A client with acute kidney injury has a blood pressure of 76/55 mm Hg. The health care provider ordered 1000 mL of normal saline to be infused over 1 hour to maintain perfusion. The client is starting to develop shortness of breath. What is the priority action?
- A. Calculate the mean arterial pressure (MAP)
- B. Ask for insertion of a pulmonary artery catheter
- C. Slow the normal saline infusion
- D. Monitor respiratory rate
Correct Answer: C
Rationale: The nurse should assess that the client could be developing fluid overload and respiratory distress and slow down the normal saline infusion to prevent worsening of symptoms. Calculating MAP is important but not the priority when shortness of breath is evident. A pulmonary artery catheter is invasive and not the first action.
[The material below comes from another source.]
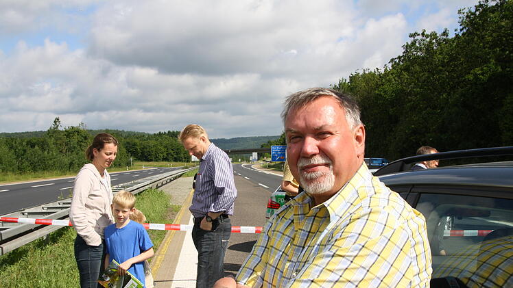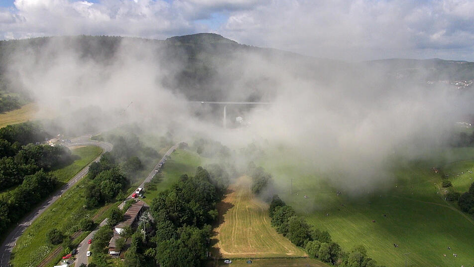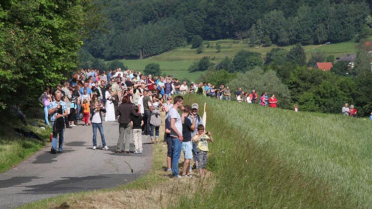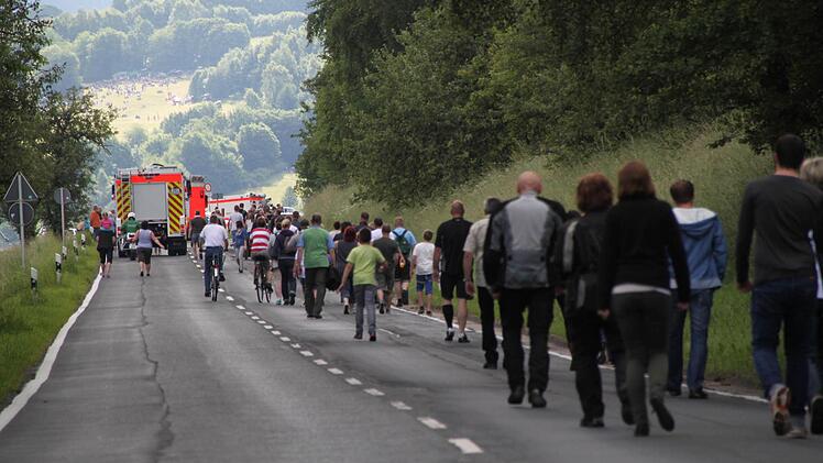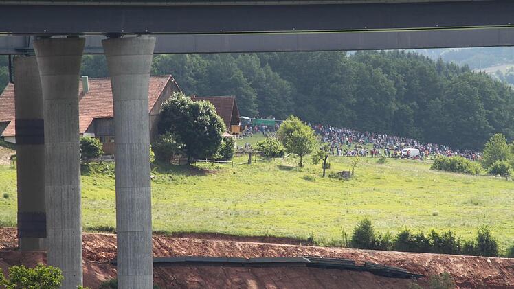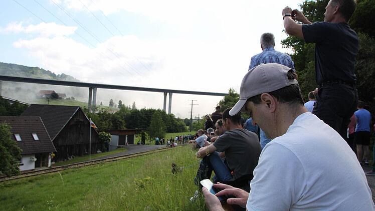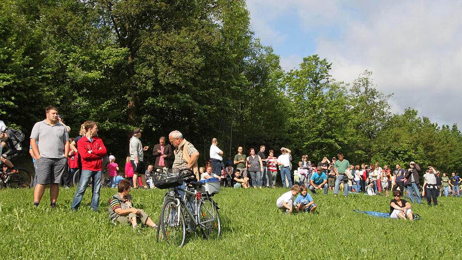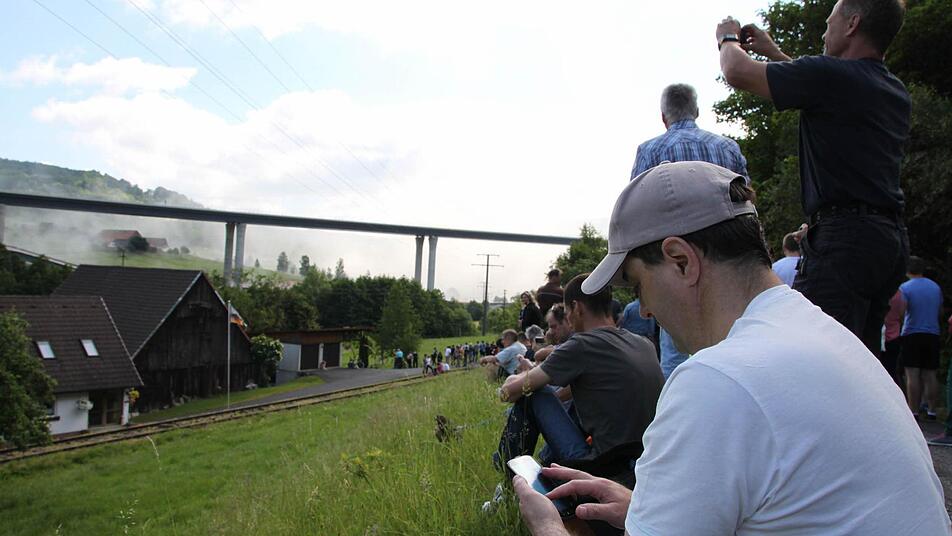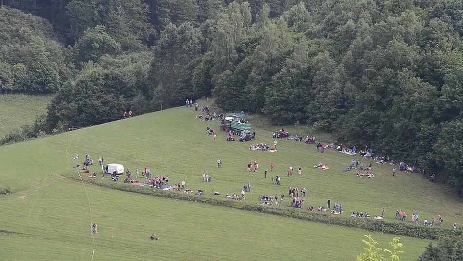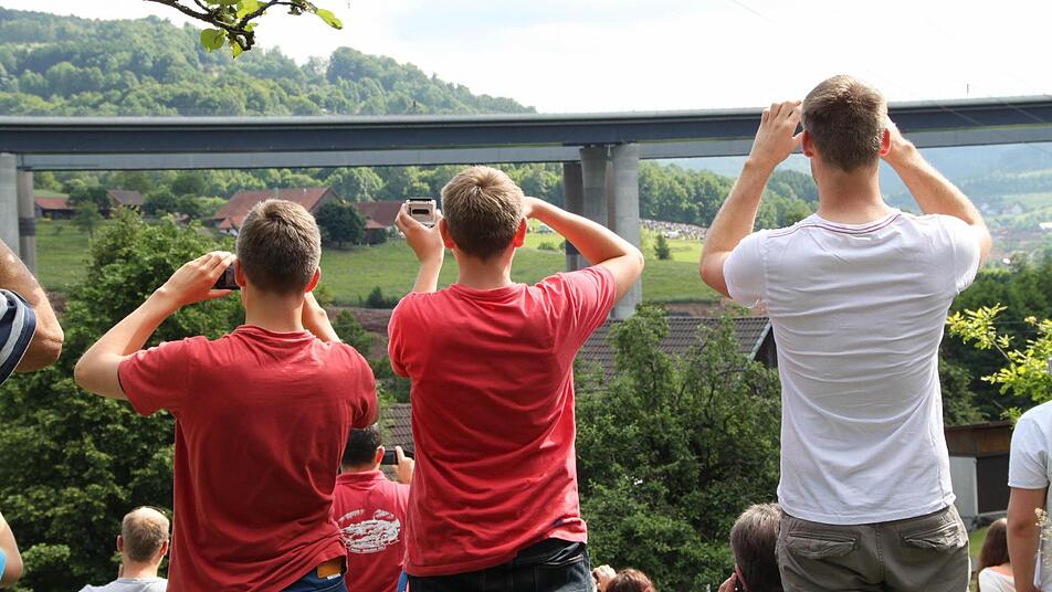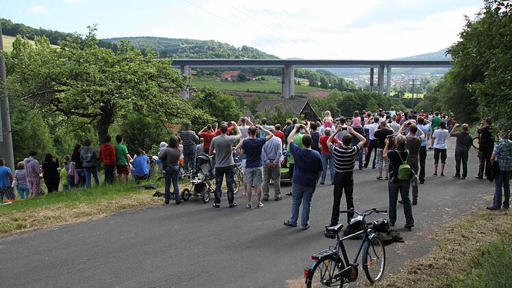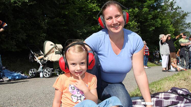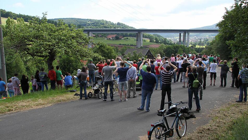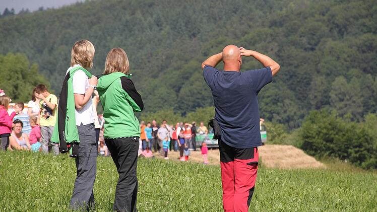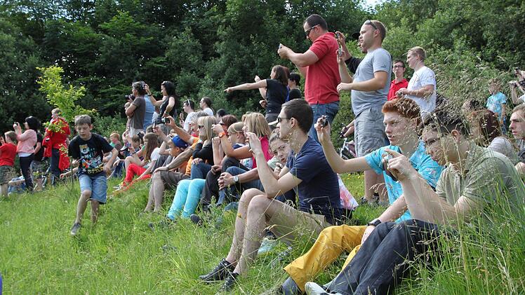 Voller Spannung verfolgen tausende Zuschauer das Großereignis. "Ich bin vor lauter Aufregung schon um 6 Uhr aufgewacht", erzählt Regina Dietrich aus Brückenau. Ihr Sohn hat die Nacht auf der Riedenberger Seite gezeltet. Da, wo man den besten Blick hat. Aber Regina und Alex Dietrich zogen lieber einen Morgenspaziergang vor. "Wir waren um 8 Uhr das erste Auto auf dem Parkplatz am Schulzentrum Römershag", erzählt er. Glück gehabt, eine dreiviertel Stunde später war schon jeder Platz besetzt.

Monitoring respiratory rate is important but secondary to adjusting the infusion.
You may also like to solve these questions
A client is undergoing hemodialysis. The client's blood pressure at the beginning of the procedure was 136/88 mm Hg, and now it is 100/54 mm Hg. What actions should the nurse perform to maintain blood pressure? (Select all that apply)
- A. Adjust the rate of extracorporeal blood flow
- B. Place the client in the Trendelenburg position
- C. Administer oxygen therapy
- D. Administer a 250-mL bolus of normal saline
- E. Contact the health care provider for orders
Correct Answer: A,B,D
Rationale: Hypotension occurs often during hemodialysis treatments as a result of vasodilation from the warmed dialysate. Adjusting the extracorporeal blood flow, placing the client in the Trendelenburg position, and administering a normal saline bolus can help stabilize blood pressure.
Dialysis works using the passive transfer of toxins by diffusion. Which statement by the client indicates a need for further teaching?
- A. Dialysis removes waste through osmosis
- B. Dialysis moves toxins from high to low concentration
- C. Dialysis uses a semipermeable membrane
- D. Dialysis helps balance electrolytes
Correct Answer: A
Rationale: Dialysis works by diffusion, not osmosis. The client's statement about osmosis indicates a misunderstanding, as osmosis refers to water movement, whereas dialysis involves the movement of toxins and solutes across a semipermeable membrane from an area of higher to lower concentration.
The nurse is assessing a client with a diagnosis of pre-renal acute kidney injury. Which condition would the nurse expect to find in the client's recent history?
- A. Myelonephritis
- B. Myocardial infarction
- C. Kidney stones
- D. Septic shock
Correct Answer: B
Rationale: Myocardial infarction can lead to decreased cardiac output, reducing renal perfusion and causing pre-renal acute kidney injury. Myelonephritis and kidney stones are more associated with intrinsic or post-renal causes, respectively, while septic shock could also contribute but is less specific in this context.
A male client with chronic kidney disease (CKD) is refusing to take his medication and has missed two hemodialysis appointments. What is the best initial action for the nurse?
- A. Discuss what the treatment regimen means to him
- B. Refer the client to a mental health nurse practitioner
- C. Reschedule the appointments to another date and time
- D. Discuss the option of peritoneal dialysis
Correct Answer: A
Rationale: The initial action for the nurse is to assess anxiety, coping styles, and the client's acceptance of the required treatment for CKD. The client may be in denial of the diagnosis. While rescheduling hemodialysis appointments may help, and referral to a mental health practitioner and the possibility of peritoneal dialysis are all options to assess the client, the client's acceptance of the treatment should come first.
A client is exhibiting symptoms of pericarditis, which can occur with chronic kidney disease. Which nurse should be assigned to this client for continuity of care?
- A. A new graduate nurse
- B. A float nurse from another unit
- C. The registered nurse (RN) previously assigned to this client
- D. A licensed practical nurse (LPN)
Correct Answer: C
Rationale: Continuity of care is important to assess subtle differences in clients. Therefore, the registered nurse (RN) who was assigned to this client previously should again give care to this client. The first nurses would not be as knowledgeable about the unit and its clients. The licensed practical nurse may not have the education level of the RN to assess for pericarditis.